WASHINGTON — China is pressing a long-range modernization of its military, part of a strategy aimed at maximizing its leverage over Taiwan, extending its influence farther abroad, but avoiding conflict around its borders or with the United States, the Pentagon said on Friday in an annual report to Congress.
Chinese leaders, the report asserted, view this as a time to “focus on internal development while avoiding direct confrontation,” although they expect tension, competition, and territorial flare-ups from time to time, and they do not expect the status quo, however satisfactory they find it, to last indefinitely.
The United States, decades ahead technologically, spends much more, and in pivoting its strategy toward Asia and the Pacific, “seeks to build a military-to-military relationship with China that is healthy, stable, reliable, and continuous,” the annual report said.
Two months ago, Beijing announced an 11.2 percent increase in its annual military budget to roughly $106 billion. While economic comparisons and analysis have always been difficult, there is no doubt that the past few decades have seen steady expansion in China’s military spending, and the Pentagon’s estimate is that China is investing more than it says, but still only about a fourth of what the United States spends each year on the military.
For its money, China is getting more weapons, and better ones.
Its air force is “transforming into a force capable of offshore offensive and defensive operations,” the report said, with prototypes of a stealth fighter seen starting last year. Other areas of investment include defenses against ballistic missiles, early warning and air-defense missiles, and their land and naval equivalents.

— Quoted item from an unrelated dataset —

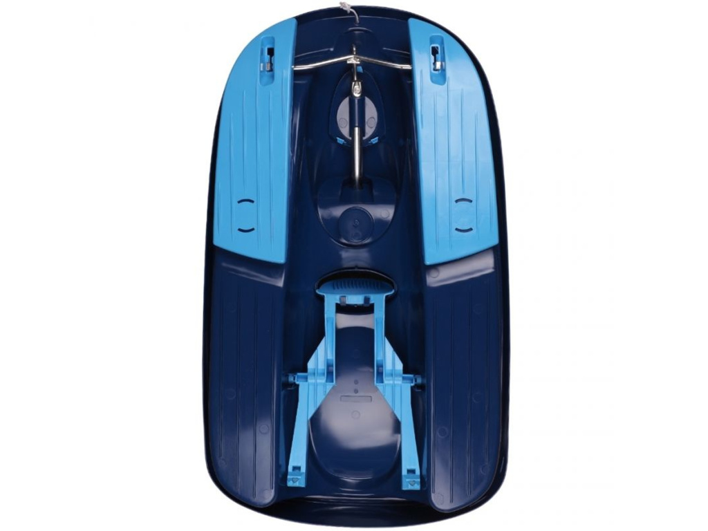 Hamax Sno Surf jsou moderní boby s volantem, které spojují odolnost, kontrolu a zábavu v jednom. Výrazný modrý design podtrhuje jeho sportovní charakter, zatímco robustní konstrukce zaručuje stabilitu i při vyšší rychlosti. Řízení je zajištěno pomocí volantu, který přesně ovládá přední lyžinu. Díky tomu lze snadno zatáčet a udržovat směr i na tvrdém, zledovatělém povrchu. Integrovaná ruční brzda s kovovými hroty poskytuje jisté a okamžité zpomalení, což výrazně zvyšuje bezpečnost jízdy.
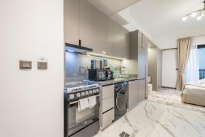 Il monolocale presenta un letto confortevole e un angolo cottura completamente attrezzato con frigorifero, forno, microonde, piano cottura, tostapane, macchina per il caffè, bollitore elettrico, utensili da cucina e tavolo da pranzo. Gli ospiti troveranno inoltre servizi come ferro da stiro, cassaforte, lavatrice, armadio/guardaroba e sveglia. Il bagno privato è completo di doccia, bidet e articoli da toilette in omaggio quali shampoo e sapone per il corpo.

But the developments cited in the report unfold only over decades. For example, China’s first aircraft carrier, purchased from Ukraine in 1998, set out on its shakedown cruise last summer, but China still has no planes equipped to land on its deck, and its naval pilots are still training ashore. “We expect it’ll take several additional years for an air group to achieve a minimal operational capability aboard the aircraft carrier,” said David Helvey, a Pentagon official handling regional issues, at a briefing on the report.
In many ways, the modernization shows a Chinese military that has watched what the United States has done in the past generation or two, and is exploring the same avenues of growth. From the restructuring of its army to the new ascendancy of information technologies in warfare, there are parallels.
To be sure, there are profound differences, as the People’s Liberation Army, or P.L.A., plays a distinct role in Chinese society, government, and economic affairs.
The two militaries are already operating more frequently in overlapping territories, and the 2012 report traced the same themes as last year’s, but a bit more succinctly.
In the past year, it noted, the P.L.A. “deployed assets to support noncombatant evacuation operations from Libya, extended its presence in the Gulf of Aden for a third year of counterpiracy operations, took on leadership roles in United Nations peace operations, and conducted medical exchanges and a service mission to Latin America and the Caribbean using the P.L.A. Navy’s hospital ship.”
These are examples of what the Chinese call “new historic missions” for the P.L.A., and while they are generally not threatening to other nations, they demonstrate a new assertiveness that the Pentagon, and some allies of the United States, look upon warily.
“China’s actions in 2011 with respect to ongoing land and maritime territorial disputes with neighbors,” the report said, “reflected a mix of contentment with the status quo, renewed efforts to reassure wary neighbors, and continued willingness (particularly through the use of paramilitary maritime law enforcement assets) to assert Chinese claims.” This has been especially notable in the South China Sea, where tensions with the Philippines continue.
However, “China notably took steps to ease relations with Japan and dampen suspicion among rival South China Sea claimants after China’s assertive posture in 2010 increased regional tensions. These steps included high-level engagement with Tokyo and confidence-building measures with the Association of Southeast Asian Nations (ASEAN), even as Chinese maritime law enforcement assets continued to defend Chinese claims in disputed areas,” the report said.